# David Industries Derringer



## -gunut- (May 8, 2006)

I dont know if this is the right place to post this but here it goes! Has anyone ever had one in .22mag? Or head of them? I really want one and it is only $100


----------



## Shipwreck (Jan 26, 2006)

I've fired a Derringer in 32 before, that is all. Sorry...


----------



## -gunut- (May 8, 2006)

Shipwreck said:


> I've fired a Derringer in 32 before, that is all. Sorry...


JUst fired? Ever owned? Do you remember who made it?


----------



## Shipwreck (Jan 26, 2006)

It belonged to my ex-wife's family - I was married for years before. So, I "owned" it for a while. Can't remember who it was made by.

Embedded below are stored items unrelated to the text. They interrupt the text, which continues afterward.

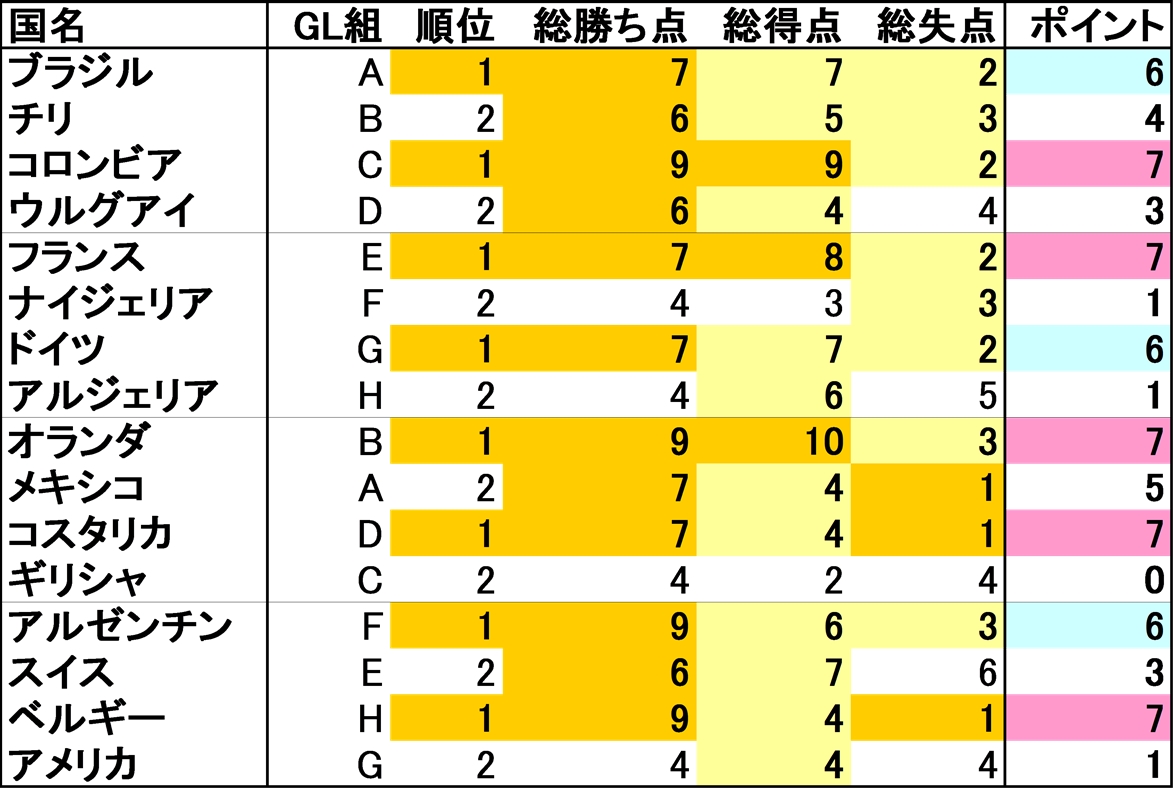 トーナメント表では右上に来るブロックでは、前編でオランダがメキシコに苦戦するのではと予測。この表でも順位のアドバンテージ以外はほぼ互角です。どちらにしてもベスト8でコスタリカと当たりそうですが、ここも接戦、ただオランダが来た場合では守備力でコスタリカが競り勝つ可能性が高くなっています。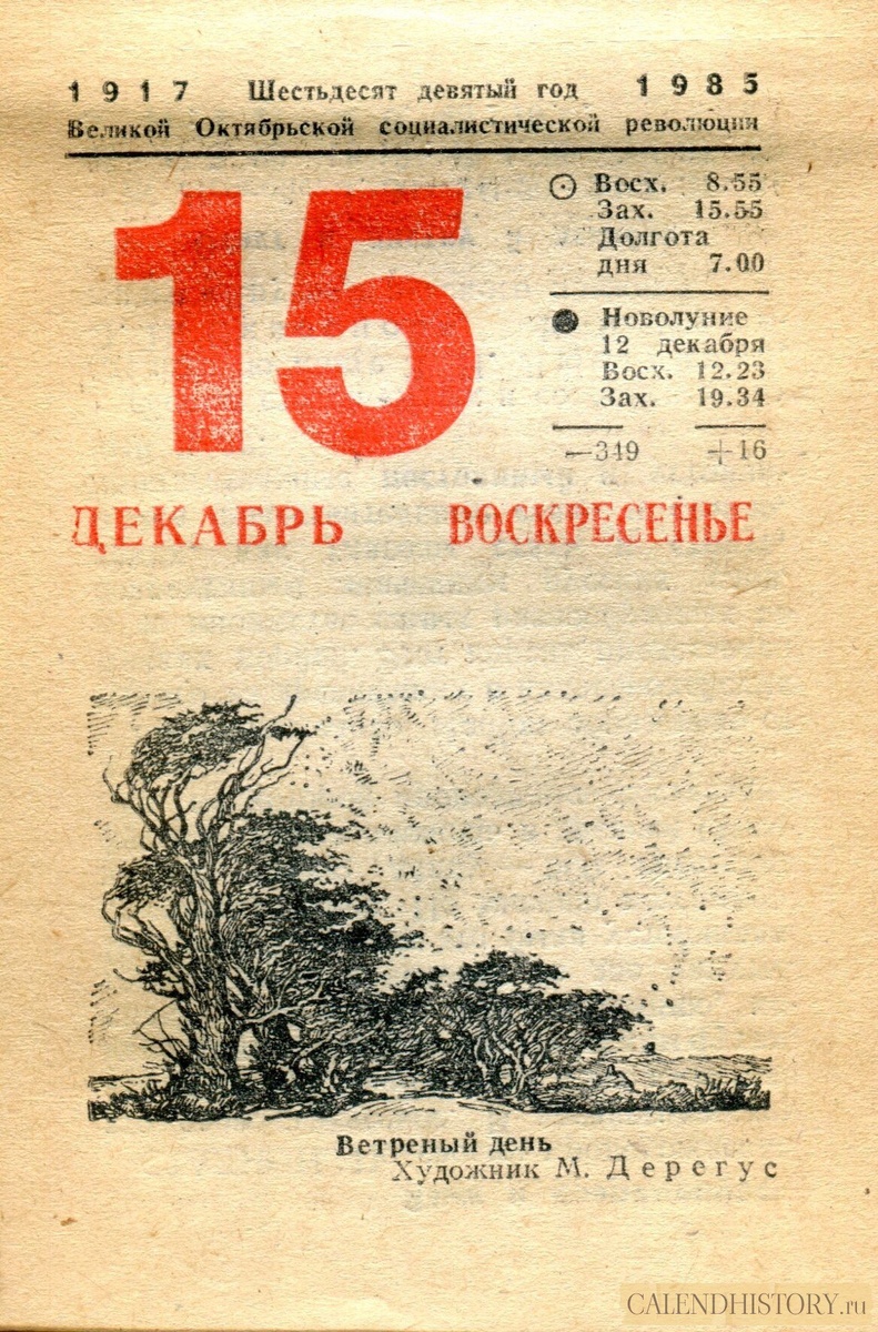 Листок советского отрывного календаря 40-летней давности. 15 декабря 1985-го года — Календарь Политиздата Ветреный день. Художник М. Дерегус Больше старых советских отрывных календарей смотрите у нас на сайте - calendhistory.ru https://calendhistory.ru/15-dekabrja-1985-go-goda-kalendar-politizdata/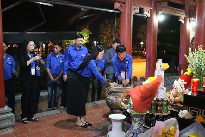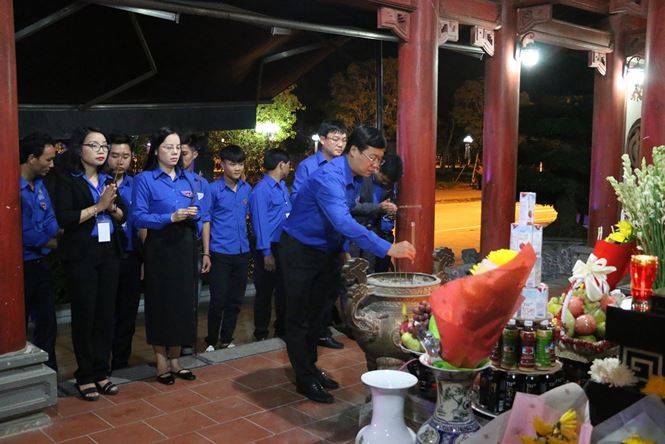Các đồng chí: Trần Minh Huyền - Ủy viên BTV, Trưởng ban TNXP Trung ương Đoàn; Phạm Tuấn Vinh - Bí thư tỉnh đoàn Nghệ An dâng hương ở phần mộ chung của khu di tích.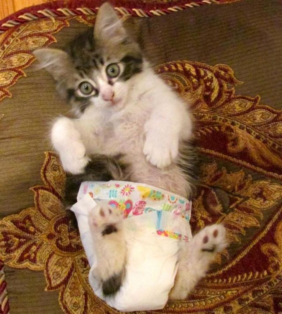 "I must say Bebe is pretty special .The Manx breed is like a rag doll. He purrs and talks and eats and plays all the time. My special friend Maureen made Bebe diapers and it has helped tons," Cheri added.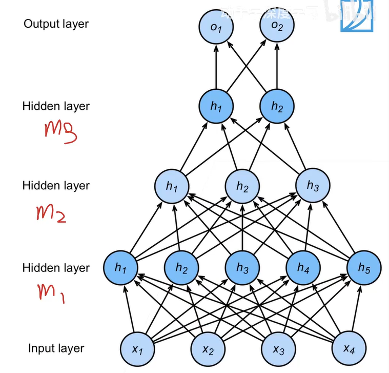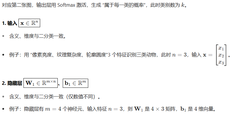 理解:多维数据输入,数据结果为类别则相较输入的维度数量较少,一般来说需要慢慢压缩维度,既使用多隐藏层;类似于右边网络变(大,小,小,不变)。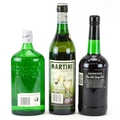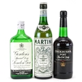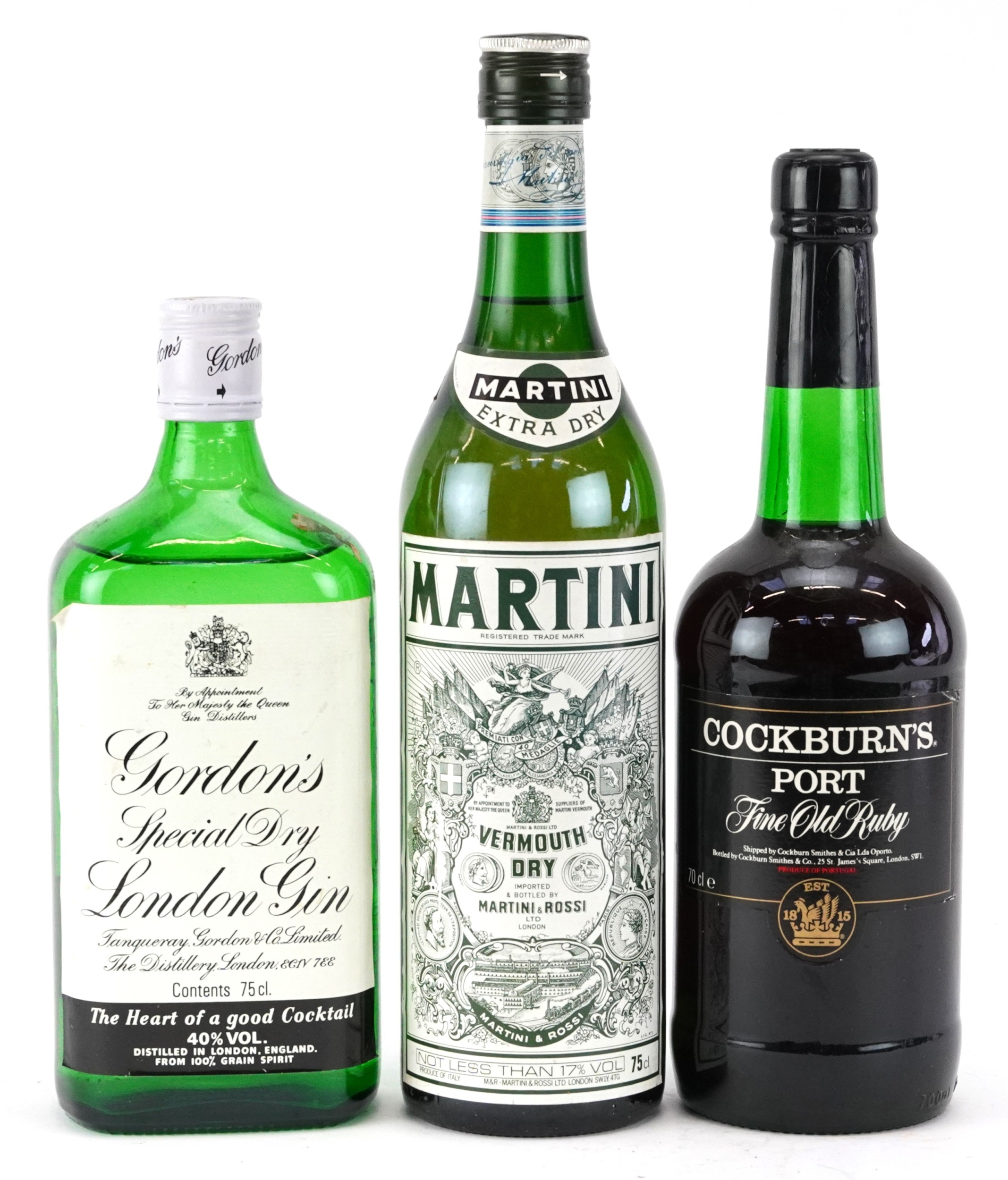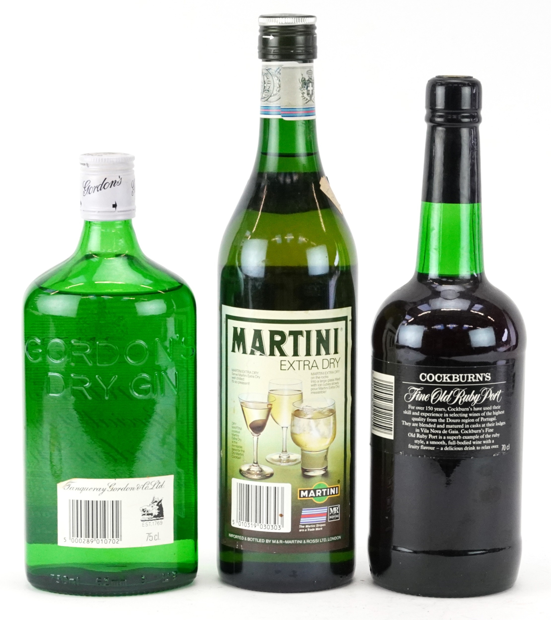 Three bottles of alcohol comprising Cockburn's Fine Old Ruby port, Gordon's Special Dry London gin and Extra Dry Martini.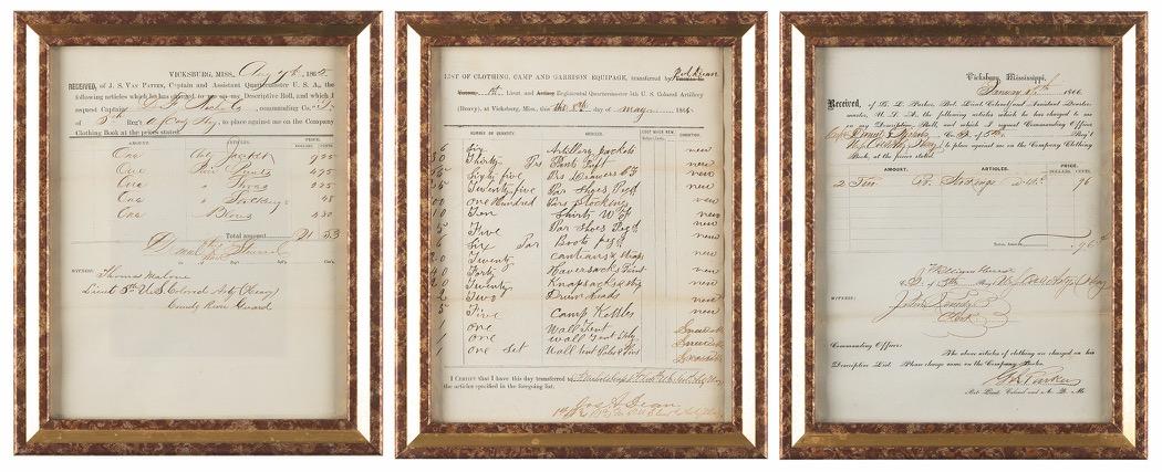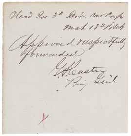 11. U. S. Grant Civil War–Dated Autograph Letter Signed, Announcing Rep. Washburne’s Arrival at His City Point Headquarters for a Gold Medal Presentation. Civil War-dated ALS signed “U. S. Grant, Lt. Gen.,” one page, 7.5 x 6, Head Quarters Armies of the United States letterhead, March 11, 1865. Handwritten letter to “Maj. Eckert,” in full: “Mr. Washburne and party arrived here this morning. Please inform Capt. Whitney. Will you be good enough to get me a pair of No. 10 children’s shoes, thick soled, and send them by the mail messenger from my office this evening.” Suede-matted and framed with two portraits and a nameplate to an overall size of 22.5 x 21. In fine condition.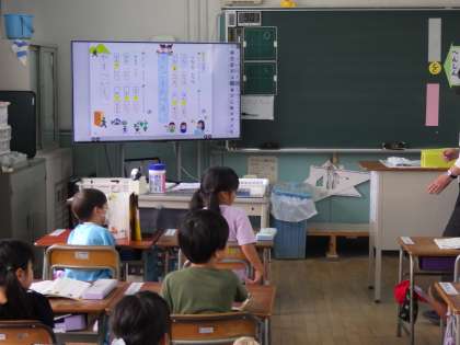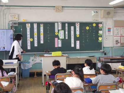 6月13日(火)1年2組での研究授業の様子、国語です。頑張っています。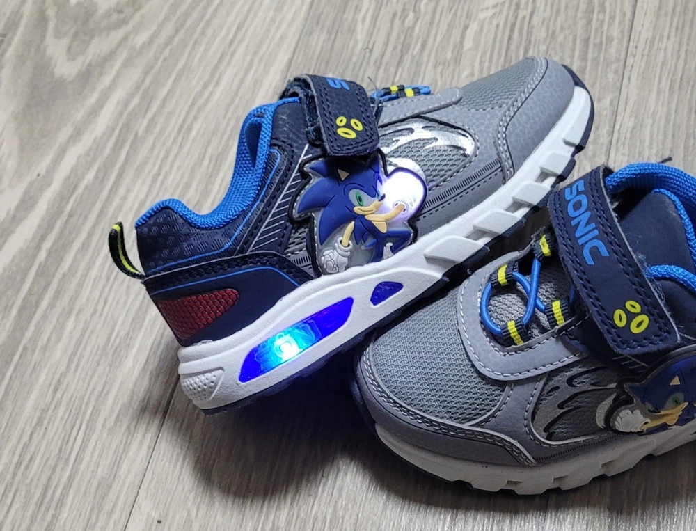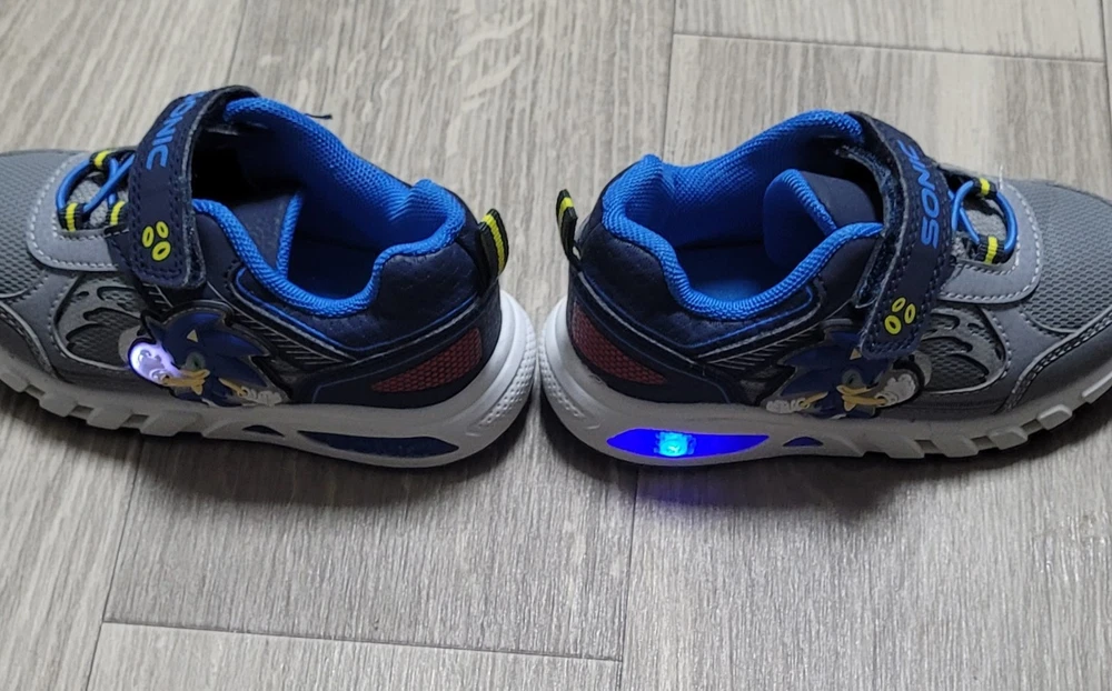 These Children's Sonic light up shoes in size 10 are perfect for active kids. With a lace-up closure and adjustable strap, they offer a comfortable fit for all-day wear. The sneakers feature a mid-top shoe shaft style with a solid blue color and Sonic the Hedgehog logo accents, making them both stylish and fun. Made of mesh material with a rubber outsole, these athletic shoes are ideal for walking, school, or running during the summer, fall, or spring seasons. Upgrade your child's footwear with these vibrant and practical light-up sneakers.

IMHO, a derringer is a waste of money. It is only accurate a very short distance. But a Keltec or something if U want a tiny gun.


----------



## Dragon (May 21, 2006)

I would have to agree with Shipwreck. Save the $100 bucks and put it towards something else. Shot a friends once, but it didn't peak my interest very much.


----------



## -gunut- (May 8, 2006)

I dont really want it for a good defense gun. That is what .45 is for :-D I want it mainly for light plinking and as a bbq gun.


----------



## Shipwreck (Jan 26, 2006)

But, more than a few feet away, and U won't even hit the paper on the target. It is not a plinker - not by a long shot.


----------



## Dragon (May 21, 2006)

My opinion: If you want one just to say you have one, then by all means get it. Other than that they are just a waste of money.


----------



## DennyCrane (May 11, 2006)

I think an expensive target 22 would be more fun if you want to plink with.


----------



## 1911driver (May 9, 2006)

*derringer*

Davis Industries in Chino, PRK make these guns. They have them in .22Mag. Google them...!!


----------



## -gunut- (May 8, 2006)

*Re: derringer*



1911driver said:


> Davis Industries in Chino, PRK make these guns. They have them in .22Mag. Google them...!!


Yeah I know who makes them. There is not to much on google. I have been going around forums asking to get first hand opinions. Thanks


----------



## Shipwreck (Jan 26, 2006)

I think U'd be better off spending that $100 towards a laser, tac light, more mags, new holster or a 22, as said above...


----------